Take a look at the following blog post of mine; I expain strands in detail;
http://ermanarslan.blogspot.com.tr/2013/06/database-premature-archivelogs-log.html
So , like in the above figure; Writes to the redologs are made strand by strand.. The redolog is divided into parts, sized with the strand size, and each strand is written to the relevant part of the redolog. In other words; the strands of log buffers, which are in memory, are mapped to the redolog file.
According to the techinal info above, all strands need to be flushed when a log switch is being initiated.
That s why "checkpoint not complete" and "private strand flush not complete" are similar events..
This messages mean that there are some dirty blocks, some active sessions when the log switch is being initiated. A strand sill have transactions active which need to be flushed before this redo can be overwritten.

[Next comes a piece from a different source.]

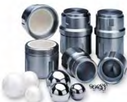
Screw-top grinding jars for MM 400

In addition to the standard grinding jars with push-fit lids for the MM 200, superior screw-top grinding jars for the MM 400 are available.
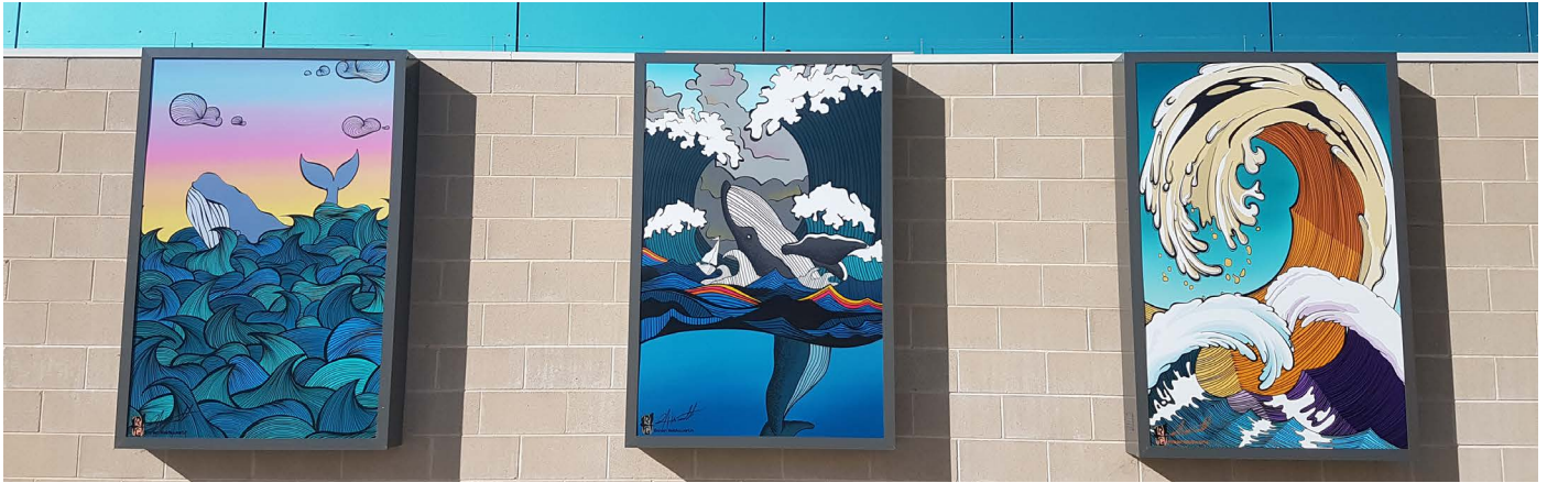
Above: WAVES Light Boxes. Whale Wave , Epic Wave , Waves for Days by Ronan Holdsworth

Wodonga Council is calling for local artists to develop three print-ready artworks responding to the theme - Water.

So it seems, Oracle writes this information to the alert log and keeps going;
For example;
Sqlplus >
SQL> update erm set X='Y';
1 row updated
"note that I do not commit and my session is active"
Another Sqlplus >
SQL>alter system switch logfile;
Alert Log >
Thread 1 cannot allocate new log, sequence 11
Private strand flush not complete
Current log# 1 seq# 222 mem# 0: /Erman/redolog01.log
So this is not a problem , but expected behavior..
Neverthenless, check the time between "private strand flush not complete" and "Advanced to log sequence"/"Current log#" message..
If the time between those messages are significant, then an I/O or DBWR or LGWR tunning may be required.
Hi Erman,
ReplyDeleteGreat Info. Nice way to explain.
I have come across a similar problem in a Production Database. We have noticed frequent (Every 3 minutes) message in ASH report "Private Strand Flush not complete".
As mentioned by you in the blog, that some tuning would be required in case the time between "private strand flush not complete" and "Advanced to log sequence"/"Current log#" message is significant.
from my Alert log, i found that the time between these tow messages is around 3 to 4 secs. Can it be considered significant ? How much time should be considered significant?
Thanks in advance.
Regards,
Pankaj
Hi Pankaj,
ReplyDeleteIt depends on your strand size, redologsize and transactions actually.